» **WHAT THIS TASK INVOLVES**:
Reproduce the entries. Match every word.

» **THE INPUT**:
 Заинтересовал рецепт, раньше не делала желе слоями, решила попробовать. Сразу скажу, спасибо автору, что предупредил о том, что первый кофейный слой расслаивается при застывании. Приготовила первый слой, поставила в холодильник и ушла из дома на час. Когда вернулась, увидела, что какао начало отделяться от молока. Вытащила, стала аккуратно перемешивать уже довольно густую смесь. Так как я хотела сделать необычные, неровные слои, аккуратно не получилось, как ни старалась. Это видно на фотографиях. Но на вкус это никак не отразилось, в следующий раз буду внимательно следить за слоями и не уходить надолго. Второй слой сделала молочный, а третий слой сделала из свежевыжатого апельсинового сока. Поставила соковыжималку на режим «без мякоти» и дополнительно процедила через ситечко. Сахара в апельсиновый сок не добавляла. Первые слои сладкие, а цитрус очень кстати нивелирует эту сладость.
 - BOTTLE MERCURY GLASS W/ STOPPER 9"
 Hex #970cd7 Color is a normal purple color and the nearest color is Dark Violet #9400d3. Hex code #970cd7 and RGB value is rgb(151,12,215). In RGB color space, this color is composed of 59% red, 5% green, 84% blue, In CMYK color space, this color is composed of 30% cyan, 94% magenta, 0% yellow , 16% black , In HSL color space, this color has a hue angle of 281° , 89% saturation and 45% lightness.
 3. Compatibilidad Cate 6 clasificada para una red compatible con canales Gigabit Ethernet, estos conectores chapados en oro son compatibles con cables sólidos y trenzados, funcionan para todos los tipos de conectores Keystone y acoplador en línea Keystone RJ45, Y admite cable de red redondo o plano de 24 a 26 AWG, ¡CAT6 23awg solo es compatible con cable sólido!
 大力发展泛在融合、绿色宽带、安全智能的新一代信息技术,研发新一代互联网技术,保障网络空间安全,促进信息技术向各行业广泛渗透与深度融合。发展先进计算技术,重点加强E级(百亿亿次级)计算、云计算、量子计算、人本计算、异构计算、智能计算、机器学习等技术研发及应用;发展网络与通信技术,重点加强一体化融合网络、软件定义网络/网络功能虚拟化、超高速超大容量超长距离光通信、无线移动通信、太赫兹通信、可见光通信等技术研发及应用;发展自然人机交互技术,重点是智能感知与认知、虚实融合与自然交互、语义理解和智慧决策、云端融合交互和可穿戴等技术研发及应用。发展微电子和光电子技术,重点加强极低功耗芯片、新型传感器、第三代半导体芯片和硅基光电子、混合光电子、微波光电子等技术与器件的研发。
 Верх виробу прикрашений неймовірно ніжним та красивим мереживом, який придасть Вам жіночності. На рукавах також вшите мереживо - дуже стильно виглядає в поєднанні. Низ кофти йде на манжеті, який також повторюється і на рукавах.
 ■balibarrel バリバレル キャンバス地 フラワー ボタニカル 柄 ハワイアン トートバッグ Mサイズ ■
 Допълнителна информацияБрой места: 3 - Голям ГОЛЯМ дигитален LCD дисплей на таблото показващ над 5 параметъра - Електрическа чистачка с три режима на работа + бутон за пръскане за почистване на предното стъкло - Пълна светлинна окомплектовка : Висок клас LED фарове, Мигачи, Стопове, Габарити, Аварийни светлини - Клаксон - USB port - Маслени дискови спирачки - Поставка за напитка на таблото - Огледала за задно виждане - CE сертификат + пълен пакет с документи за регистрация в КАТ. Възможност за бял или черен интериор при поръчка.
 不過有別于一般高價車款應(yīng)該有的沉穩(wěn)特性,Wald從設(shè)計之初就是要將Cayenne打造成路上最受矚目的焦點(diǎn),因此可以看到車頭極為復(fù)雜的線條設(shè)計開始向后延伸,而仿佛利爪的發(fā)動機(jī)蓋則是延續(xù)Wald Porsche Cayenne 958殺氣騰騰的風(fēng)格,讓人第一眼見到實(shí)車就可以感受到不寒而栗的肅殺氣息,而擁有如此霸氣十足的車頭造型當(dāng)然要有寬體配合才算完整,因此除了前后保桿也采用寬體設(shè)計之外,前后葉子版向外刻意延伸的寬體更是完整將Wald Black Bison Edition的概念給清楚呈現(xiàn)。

» **TASK RESPONSE**:
 Заинтересовал рецепт, раньше не делала желе слоями, решила попробовать. Сразу скажу, спасибо автору, что предупредил о том, что первый кофейный слой расслаивается при застывании. Приготовила первый слой, поставила в холодильник и ушла из дома на час. Когда вернулась, увидела, что какао начало отделяться от молока. Вытащила, стала аккуратно перемешивать уже довольно густую смесь. Так как я хотела сделать необычные, неровные слои, аккуратно не получилось, как ни старалась. Это видно на фотографиях. Но на вкус это никак не отразилось, в следующий раз буду внимательно следить за слоями и не уходить надолго. Второй слой сделала молочный, а третий слой сделала из свежевыжатого апельсинового сока. Поставила соковыжималку на режим «без мякоти» и дополнительно процедила через ситечко. Сахара в апельсиновый сок не добавляла. Первые слои сладкие, а цитрус очень кстати нивелирует эту сладость.
 - BOTTLE MERCURY GLASS W/ STOPPER 9"
 Hex #970cd7 Color is a normal purple color and the nearest color is Dark Violet #9400d3. Hex code #970cd7 and RGB value is rgb(151,12,215). In RGB color space, this color is composed of 59% red, 5% green, 84% blue, In CMYK color space, this color is composed of 30% cyan, 94% magenta, 0% yellow , 16% black , In HSL color space, this color has a hue angle of 281° , 89% saturation and 45% lightness.
 3. Compatibilidad Cate 6 clasificada para una red compatible con canales Gigabit Ethernet, estos conectores chapados en oro son compatibles con cables sólidos y trenzados, funcionan para todos los tipos de conectores Keystone y acoplador en línea Keystone RJ45, Y admite cable de red redondo o plano de 24 a 26 AWG, ¡CAT6 23awg solo es compatible con cable sólido!
 大力发展泛在融合、绿色宽带、安全智能的新一代信息技术,研发新一代互联网技术,保障网络空间安全,促进信息技术向各行业广泛渗透与深度融合。发展先进计算技术,重点加强E级(百亿亿次级)计算、云计算、量子计算、人本计算、异构计算、智能计算、机器学习等技术研发及应用;发展网络与通信技术,重点加强一体化融合网络、软件定义网络/网络功能虚拟化、超高速超大容量超长距离光通信、无线移动通信、太赫兹通信、可见光通信等技术研发及应用;发展自然人机交互技术,重点是智能感知与认知、虚实融合与自然交互、语义理解和智慧决策、云端融合交互和可穿戴等技术研发及应用。发展微电子和光电子技术,重点加强极低功耗芯片、新型传感器、第三代半导体芯片和硅基光电子、混合光电子、微波光电子等技术与器件的研发。
 Верх виробу прикрашений неймовірно ніжним та красивим мереживом, який придасть Вам жіночності. На рукавах також вшите мереживо - дуже стильно виглядає в поєднанні. Низ кофти йде на манжеті, який також повторюється і на рукавах.
 ■balibarrel バリバレル キャンバス地 フラワー ボタニカル 柄 ハワイアン トートバッグ Mサイズ ■
 Допълнителна информацияБрой места: 3 - Голям ГОЛЯМ дигитален LCD дисплей на таблото показващ над 5 параметъра - Електрическа чистачка с три режима на работа + бутон за пръскане за почистване на предното стъкло - Пълна светлинна окомплектовка : Висок клас LED фарове, Мигачи, Стопове, Габарити, Аварийни светлини - Клаксон - USB port - Маслени дискови спирачки - Поставка за напитка на таблото - Огледала за задно виждане - CE сертификат + пълен пакет с документи за регистрация в КАТ. Възможност за бял или черен интериор при поръчка.
 不過有別于一般高價車款應(yīng)該有的沉穩(wěn)特性,Wald從設(shè)計之初就是要將Cayenne打造成路上最受矚目的焦點(diǎn),因此可以看到車頭極為復(fù)雜的線條設(shè)計開始向后延伸,而仿佛利爪的發(fā)動機(jī)蓋則是延續(xù)Wald Porsche Cayenne 958殺氣騰騰的風(fēng)格,讓人第一眼見到實(shí)車就可以感受到不寒而栗的肅殺氣息,而擁有如此霸氣十足的車頭造型當(dāng)然要有寬體配合才算完整,因此除了前后保桿也采用寬體設(shè)計之外,前后葉子版向外刻意延伸的寬體更是完整將Wald Black Bison Edition的概念給清楚呈現(xiàn)。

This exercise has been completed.